Thank you for your words Merry – the sheer power of them.
and for all the empty chairs everywhere, I light a candle for international infant loss awareness day.
xx
merry says
Oh my dear.
You have my meaning quite correct and you have my sympathy and gentlest thoughts. Grief with guilt added is just dreadful and I think my loss with guilt heaped upon it is still the worst pain I have ever experience, more recent loss not withstanding.
Naomi Marsden says
Thanks Merry for a beautiful post.
merry says
Lots of love. Not forgotten. xxx
Jackie says
Thank you Merry, you brought tears to my eyes with your beautiful post. May I also add to your list, those children who were so desperately wanted and craved, but never concieved. We grieve too, for what could have been but never now will be. Some children are lost before they are ever even a possibility.
merry says
Yes, of course. I will edit to add that. Accidental omission. xxx
Angela says
Beautiful, Merry. This October 15th is very difficult for me. There have been lots of tears. I needed your words this morning.
merry says
Much love my dear. Keep breathing.
Jeanette says
Merry, thank you. Thank you for remembering Florence, thank you for being a friend and thank you for this post. x
merry says
And thank you for keeping me upright this last 18 months and 2 days.
Michaela says
I’ve come back to this so many times today, really not sure what to say, but I don’t want not to comment.
Remembering Freddie, and all the other children who should be here, and thinking of their mums and families.
xxx
merry says
I think I speak for everyone when I say that your care and the time you took to comment means a great deal.
Sheila says
Thank you. Remembering too many here, too.
merry says
Sending love and remembrance.
Claire says
Thank you for remembering. I cried reading this is in a cafe at lunch. I remember too.
merry says
Where is that ‘blog most likely to make you cry’ category when I need it, huh? 😉
Hugs.
Beth says
Thank you for remembering Snowflake. It means so much.
Remembering Freddie, and all the other babies.
merry says
Snowflake was very important. And so is knowing you 🙂
Joanna says
Merry, That was just beautiful. Thank you xxxxx
merry says
He is very much thought of in this household – and always will be. xxx
northernmum says
Oh Merry,
I am so terribly sorry for you and the people you have met.
Will hug my babies that little bit closer tonight.
Lots of love J
merry says
Thank you xxx.
Ben Cook says
As with many of the comments before this, you reduced me to tears as you capture so brilliantly the way we all feel.
We lost our daughter Grace at 34 weeks about 7 weeks ago. I wrote 2 poems about/for her and read them to a packed crematorium service recently. Since the feedback I received from people I set up a blog for these and other poems of mine.
Message to Grace is here: http://wp.me/p1TfPC-q
Message from Grace is here: http://wp.me/p1TfPC-n
I hope some of the readers here can take something from what I have written.

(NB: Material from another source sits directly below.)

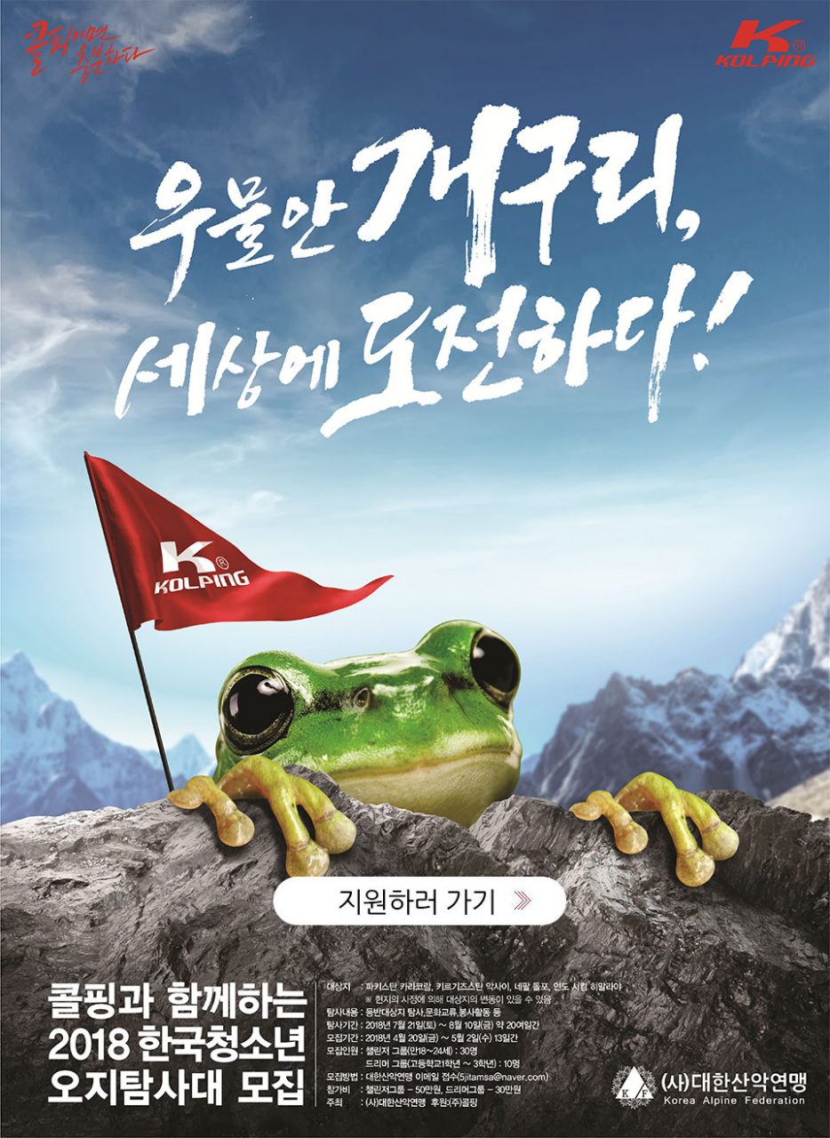 대한산악연맹은 콜핑과 함께하는 '2018 한국 청소년 오지탐사대'를 모집한다고 밝혔다. 신청을 원하는 만 18~24세의 청소년은 2018년 4월 20일부터 5월 2일 수요일까지 홈페이지(http://kolping.co.kr/explore/intro1.do)에서 참가신청서를 다운받아 작성 후 제출하면 된다. 1차 선발자 발표는 5월 8일에 있을 예정이며 합격자를 대상으로 리더십테스트 및 면접을 통해 최종 선발하게 된다.

Thank you once more for your own words and for this website.
Ben x
merry says
Ben,
I am so sorry you have joined us in this awful place and that you have these paths to walk. You are welcome among us, though I know we all wish there was no need for you to be here.
I will come and find your blog today.
Remembering Grace with you.
Ben Cook says
Thank you once again!
Kate says
Wow Merry. This is all so beautifully heartbreaking. What a piece of writing and one that I will keep coming back to again and again and again, even just to see Josephs’ name.
Thankyou for taking the time to write his beautiful name and for writing the names of all of the other babies gone too soon. And for acknowledging the impact on other family, other than just the mothers and fathers and siblings. Our extended families lives are forever changed too.
Thankyou. This really did bring tears.
Remembering your Freddie too on this day and all others.
xo
Maggie says
(((xXx)))
I remember my two ectopic babies, Lauren when I was eighteen and Phillip when I was twenty two. They usually “don’t count” to anyone…..but they count to me.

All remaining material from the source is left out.